今回のドライレイヤー®ベーシックの加工処方には、多種類の薬剤、触媒、バインダー(結合剤)が使われ、成否を分けたのは、ある一つの薬剤の配合割合だったといいます。
「安定よりもギリギリを攻めて進化を求めるのがファイントラックさんの仕事。正直、少し不安でした。でも、だからこそ唯一無二のものが出来上がるんですよね」。処方を担った技術課の内田直主任はそう話します。
[加工剤に漬け込んだ生地をローラーで巻き上げる]
一方、機能進化に対するファイントラックの思いは、とてもシンプルなものでした。耐久撥水性が1.5倍になれば、汗冷えやベタつきを抑えるドライ性能が1.5倍長持ちする。
「もっとヘビーユースでき、1着を長く使ってもらえる。お客様アンケートからも見えていたニーズで、なんとしても実現させたい」(ファイントラック テキスタイル開発課・田中由希子)と考えました。
2018年9月、田中がまず相談を持ちかけたのは、繊維メーカー・ユニチカトレーディング技術開発部の八木優子さんでした。
もともとドライレイヤー®の糸は、撥水加工剤が固着しやすいように、繊維断面が凹凸の多種異形になっています。

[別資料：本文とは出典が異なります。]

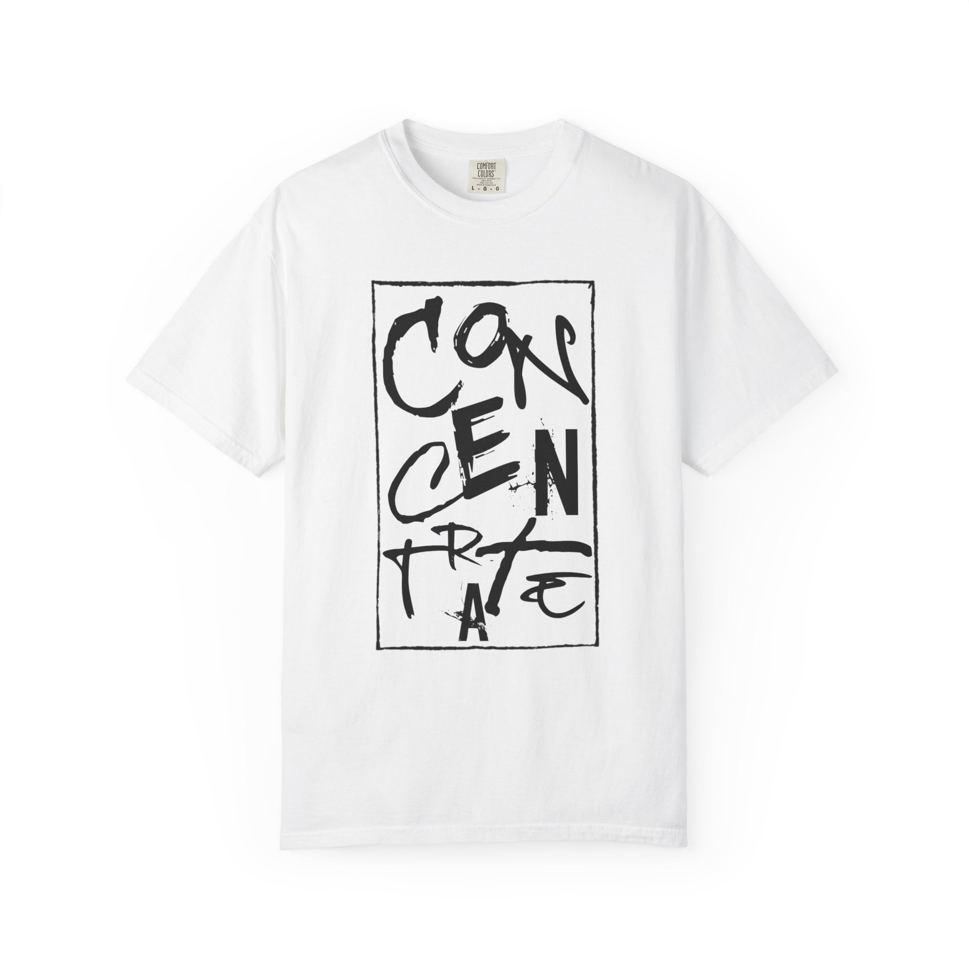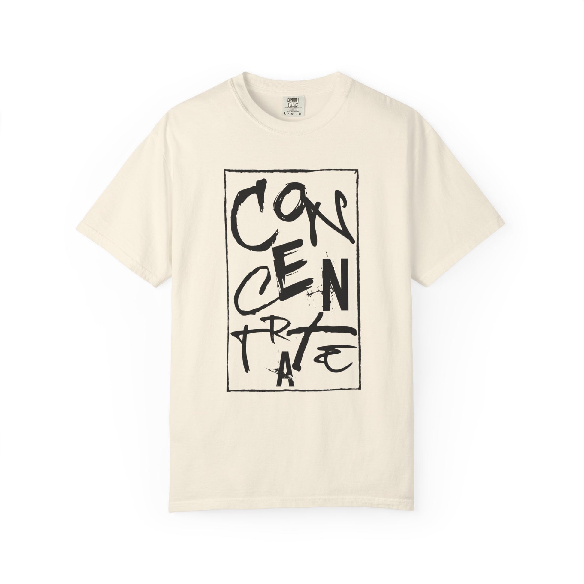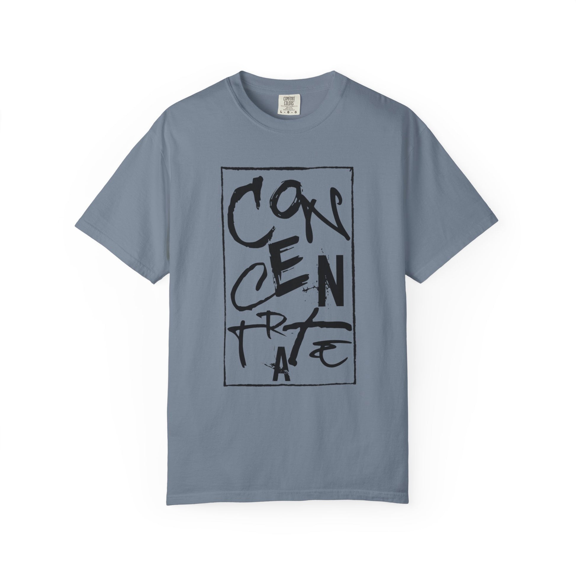 Features: • Unisex garment-dyed tee with a vintage, lived-in feel • 100% ring-spun cotton for softness and durability • Classic fit with relaxed shoulders • Printed front graphic: bold graffiti-style “Concentrate” lettering • Available in multiple colors • Made to order

さらに加工剤が固着しやすいよう、糸の表面積を増やす方法はないか? それとも、加工方法を変えるのがいいか? あらゆる選択肢を、試していきました。
[さまざまな処方を試した際のテスト生地サンプルを手にする八木さん]
糸の表面に無数のクレーターをつける(アルカリ減量加工)、繊維を割って1本1本を細くする(割繊)、プラズマを当て分子結合を強める……など。無数のアイデアを探るも、繊維強度が下がったり、肌ざわりが悪くなったり、機械を壊しそうになったり、と失敗続き。最後の最後に光明が見えた方法、それが加工剤の種類と配合割合によるものだったといいます。こうして、ファイントラック、ユニチカトレーディング、サカイオーベックスの3社開発プロジェクトが始動しました。
「おそらくは、世の中にまだ存在しない耐久撥水レベルへの挑戦。先輩開発者に相談すると、ぽかーんとされる始末で。そのくらい現実離れした目標だったと思います」と八木さん。

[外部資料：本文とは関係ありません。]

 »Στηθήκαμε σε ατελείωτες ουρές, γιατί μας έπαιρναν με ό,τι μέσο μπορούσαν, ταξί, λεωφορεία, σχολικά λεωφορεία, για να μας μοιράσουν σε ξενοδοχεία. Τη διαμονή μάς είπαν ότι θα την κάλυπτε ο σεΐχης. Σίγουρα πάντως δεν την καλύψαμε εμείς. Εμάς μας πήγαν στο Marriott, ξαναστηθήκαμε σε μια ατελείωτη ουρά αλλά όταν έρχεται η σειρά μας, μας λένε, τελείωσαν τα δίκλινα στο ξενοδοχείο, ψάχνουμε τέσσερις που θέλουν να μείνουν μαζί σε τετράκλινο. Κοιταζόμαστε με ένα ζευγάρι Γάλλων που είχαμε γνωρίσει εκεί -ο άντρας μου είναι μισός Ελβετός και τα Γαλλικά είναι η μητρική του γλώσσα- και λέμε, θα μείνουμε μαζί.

サカイオーベックスの内田さんと共に量産テストした処方は合計15を超え、難航を極めました。
実験ラボテストと工場量産テストの両方で同じ傾向のいいデータが揃ったのが翌2019年3月。ギリギリ量産に間に合うタイミングで、会心のクリーンヒットが出たのでした。
最初の相談から約11 ヶ月が過ぎた2019年8月末、量産第1号のドライレイヤー®ベーシックの耐久撥水加工が、サカイオーベックス二日市工場で始まりました。150洗80点の目標をクリアした最初の生地が完成。次なる工程の地・京都の裁断工場へと運ばれていきました。京都の次は山陰・九州各地の縫製工場へ。こうして日本各地でモノ創りのバトンをつないで、新しいドライレイヤー®が誕生していくのです。
適度な保温力と汗抜けスピードのバランスに優れ、季節を選ばず、初めての一枚としても使いやすい汎用性の高さが特長の、基本のドライレイヤー®。
スキンメッシュ®から、耐久撥水性を150洗80点に伸ばし、抗菌防臭性を付与してリニューアルしました。